Original report by @cosmicdreams
As a follow up to #1858616: Extract generic CacheCollector implementation and interface from CacheArray we should remove the deprecated CacheArray class and convert the final pieces of Drupal to use CacheCollector instead of CacheArray. Only two uses remain and two places within code comments.
Then we can put the parent issue to bed by writing a change notice.
Comment | File | Size | Author |
---|---|---|---|
#24 | remove-cache-array-2185015-24-interdiff.txt | 822 bytes | Berdir |
#24 | remove-cache-array-2185015-24.patch | 12.52 KB | Berdir |
#19 | remove-cache-array-2185015-19-interdiff.txt | 9.6 KB | Berdir |
#19 | remove-cache-array-2185015-19.patch | 11.86 KB | Berdir |
#3 | 2185015-3-schema-cache.patch | 3.75 KB | ianthomas_uk |
Comments
Comment #2
BerdirDuplicate of #1957092: [META] Remove CacheArray, issue to remove ModuleInfo is RTBC, schema is likely going to be tricky.
This is not a drop-in replacement, it requires rewriting the implementation of the client classes to stop treating them as arrays but as an object with methods.
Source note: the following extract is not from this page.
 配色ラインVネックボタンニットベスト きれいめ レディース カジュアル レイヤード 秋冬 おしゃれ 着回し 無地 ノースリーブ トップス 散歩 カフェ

Not sure why I forgot to write the change notice, but it's not blocked on this, adding CacheCollector and removing CacheArray can and probably should be two separat change notices.
Comment #3
ianthomas_ukThe tricky part of the is to convert the SchemaCache class to use CacheCollector, but unless I've missed something really obvious the SchemaCache class is totally unnecessary anyway.
The only usage of SchemaCache is in drupal_get_schema, and it is only used there if there is no schema at all, in which case a new instance is created which retrieves the schema from drupal_get_complete_schema(). But that function's already cached, so we're just copying from one cache to another.
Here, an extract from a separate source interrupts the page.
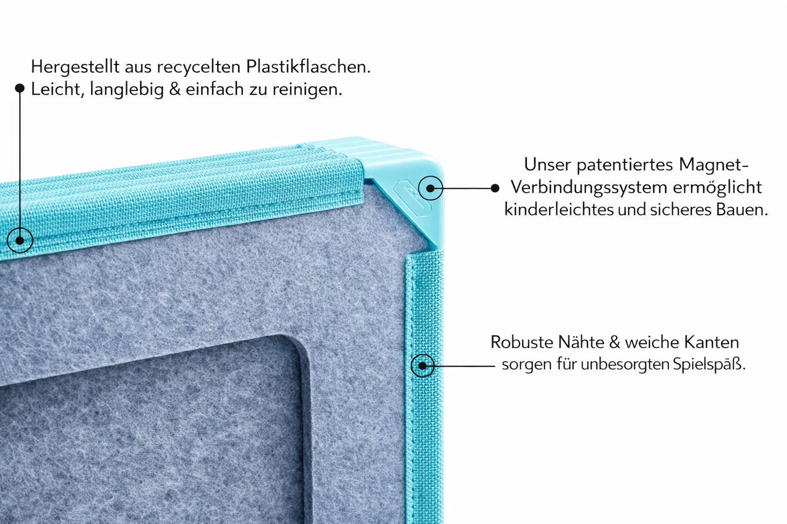 Ja. Creatix™ besteht aus sicheren und langlebigen Materialien mit weichen Kanten und einem kindersicheren Magnetsystem.

The current code is also a bit weird, because $schema in drupal_get_schema is sometimes an array and sometimes an instance of SchemaCache.
Let's see if the testbot shows something I've not thought of.
Comment #4
ianthomas_ukComment #5
BerdirWe don't want to go back to an array, we want to use a CacheCollection instead.
And there used to be cases where we looped over the full list of schemas, might only exist in contrib and not core, not sure.
Comment #6
ianthomas_ukThis doesn't 'go back' to an array, it's just being consistent about the existing usage of an array.
At the moment a SchemaCache instance can only be returned by calling, in order:
drupal_get_schema('table_name'); // populate $schema with SchemaCache
drupal_get_schema(); // retrieve SchemaCache.
If you set $rebuild = true, $schema will switch back to an array.
If you call drupal_get_schema() first, before asking for a specific table, $schema will initialise to an array.
If you call drupal_get_complete_schema(), you will get an array.
As it happens, a call to drupal_get_schema() without passing a table will usually return an object, but that's only because most calls to drupal_get_schema() pass a table.
Comment #7
BerdirNo, if there is no rebuild enforced and it is called with a table name, it initializes a CacheSchema, which will maintain an internal cache that only consists of the actually used tables.
It only calls the full schema if all tables are requested, which means that the SchemaCache() wouldn't help and would only get filled up for no reason.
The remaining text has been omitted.